相较成熟老练的大哥,宁晔俨然还是个青涩懵懂的少年郎,心思单纯,惹了心上人不高兴便想方设法哄其开心。
宁祈听罢一阵无言,“既如此,你直接找你大嫂就是了。”
“我这不想着提前和大哥报备一下,省得你嫌我去烦大嫂。”
宁祈顿了顿,“有事就去,长话短说,不可逗留太久。”
宁晔:“知道了。”
……
听到前院明峰通传的二爷宁晔要于午时三分来后院拜访的消息,乔嫚有些恍惚。
嫁过来三年,她和宁祈的这两个同胞弟弟一直往来不多,只在家宴一些场合见过几次。
毕竟男女有别。
乔嫚心里有数,无事不登三宝殿。
不过,为数不多的印象中,宁晔和宁炎这两个小叔子性情都还不错,说话温和有礼,风度翩翩,相处起来很轻松。
所以知道宁晔要来,乔嫚倒称不上反感,只以礼相待便是。
宁家的人,不说别的,礼数上挑不出什么毛病。
拜见大嫂的次数不多,这次又是有事相求,宁晔自然没有空着手来。
乔嫚看着秀玉捧上来的狐毛绒毯 ,绣工精美,制地考究,一看便是价值不菲的珍品。
“都是一家人,二弟 不必这么客气。”
宁晔笑道:“大嫂不嫌我叨扰就好。”
乔嫚:“二弟可是有事,这也没有外人,有什么话直说便是。”
“大嫂是个痛快人,那我也就直说了。”
乔嫚猜想过很多宁晔的来意,但却独独没想到事实会是如此的简单,简单的让她之前的那些猜想显得有些啼笑皆非。
心下轻笑之余,不免对这位徐家姑娘添了几分钦羡。
未来的夫君如此把她放在心上,这福气可不是谁都有的。
“二弟清风疏月,不曾想也有被儿女情事所牵绊的一天。”
“大嫂见笑了,嫣然既是我未过门的妻子,我自然是要事事以她为先,多多珍视她。”
乔嫚:“二弟有心,是未来弟妹的福气。”
若是别的,她不一定有什么好法子,但论到如何哄小姑娘高兴,却是能和这位小叔子说上一说。
毕竟,女儿家的心思都相差无几;
她在闺中时与徐家的嫣然也算相识,颇知她的秉性喜好,就挑了些要紧的,说给了宁晔。
宁晔如获至宝,感激至极,“多谢***相助。”
“二弟言重了。”
叔嫂的身份,加上男女有别,宁晔并没有久留,事情解决很快就起身离开。
乔嫚望着少年郎雀跃朝气的身影,注视的视线久久不曾移开。
“夫人。”
上前添茶的秀玉一声轻呼唤回了她有些飘远的思绪。
“过两日便是家宴了,后院管事的将所筹备的支出都一一登记在册,请夫人过目。”
“刘管家做事我放心,先放那吧。”
秀玉:“姑娘有心事?”
即便乔嫚已经嫁过来三年,但遇到要紧的事、或是情急时刻,身边的两个贴身丫鬟脱口而出的仍然是她未出阁时的称呼——“姑娘”。

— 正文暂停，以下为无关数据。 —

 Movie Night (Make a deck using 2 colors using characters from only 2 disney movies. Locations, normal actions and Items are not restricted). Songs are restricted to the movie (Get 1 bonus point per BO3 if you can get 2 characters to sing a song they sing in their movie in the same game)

乔嫚无声的轻笑,秀玉却觉得这笑容来得有些僵硬,笑意更是不达眼底。
秀玉鼻间一酸,“ 姑娘不想笑就别笑了。”
乔嫚心一颤,深深地深吸口气,缓缓阖上眼睛。
秀玉放轻声音,“姑娘若是觉着累,就去歇着吧,外面的事有奴婢和秀清呢。”
“我不累。”
乔嫚的声音轻得几不可闻。
她说不上来心里此刻什么滋味,若不是手中的绣帕被她攥得变形,她便要以为自己心里真的如面上那般平静无波。

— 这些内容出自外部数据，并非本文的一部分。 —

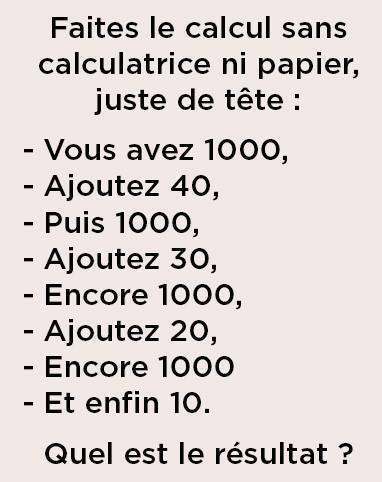 Cela s’explique par un phénomène appelé surcharge cognitive. Notre cerveau, en tentant de simplifier, regroupe instinctivement les grands nombres (les 1000) et additionne ensuite les petits chiffres trop rapidement. Résultat : une erreur fréquente, entraînant un excès de confiance et un traitement mental trop rapide.

明明打定主意不要再在乎,却还是会在看到别人对妻子的用心时,难以自制的有些钦羡、有些……难过。
……
午后的日头很好,光线照在人身上暖洋洋的,
乔嫚歇晌前,特地沐了一次浴,
从浴房出来,换好衣衫躺到了暖阁琉璃窗前的躺椅上,秀玉在一旁替她擦拭头发。
“家宴的事,各房那边怎么说?”
秀玉:“夫人心中明镜似的,奴婢不敢妄言。”
宁家一脉,在老侯爷、也就是宁祈父亲那一辈分了家;
到如今,最煊赫的当属长房平阳侯这一支,至于二房、三房那,两个叔父都是进士出身,又有祖辈的荫庇,倒也称得上官运亨通,但比起世袭罔替的侯爵就差了一些。
但两对叔父都是豁达通透之人,不曾计较什么;
世家大族同气连枝,一荣俱荣,一损俱损,
所以虽然分了家,但几房的往来从没断过。
乔嫚对几位叔父婶婶都很敬重,一定要说有什么,就是二婶那边有位寄养在家中的表妹郑湘,是二婶郑氏娘家的亲侄女,因为父母亡故,郑家败落,才来投奔姑母郑氏。
如今年岁也是早到了***之龄,按说也早该许配亲事了,可郑氏那边却迟迟未有动静。
原因很简单,郑湘对宁祈痴心一片,多年不改;
据府里的传言,说表姑娘亲口所言,此生若不能嫁给侯爷,宁可剃了头发做姑子、青灯古佛终生不嫁。
个中情深意切,可见一斑。
但世家子弟婚姻背后牵扯到的势力权谋,哪是郑湘的一个痴情能撼动得了。
宁祈的母亲嘉宁大长公主第一个不买账,甚至在知道郑湘的心思后,加速了给儿子择亲一事,在敲定了同样满门勋贵的乔家后,便在乔家女儿及笄后迫不及待的请旨赐婚。
自始至终,似乎从没将郑湘放在眼里。
在宁祈和乔嫚成亲一年半后,二婶郑氏心疼侄女,求大长公主做主成全郑湘的一片痴心,让宁祈能将郑湘收作妾室。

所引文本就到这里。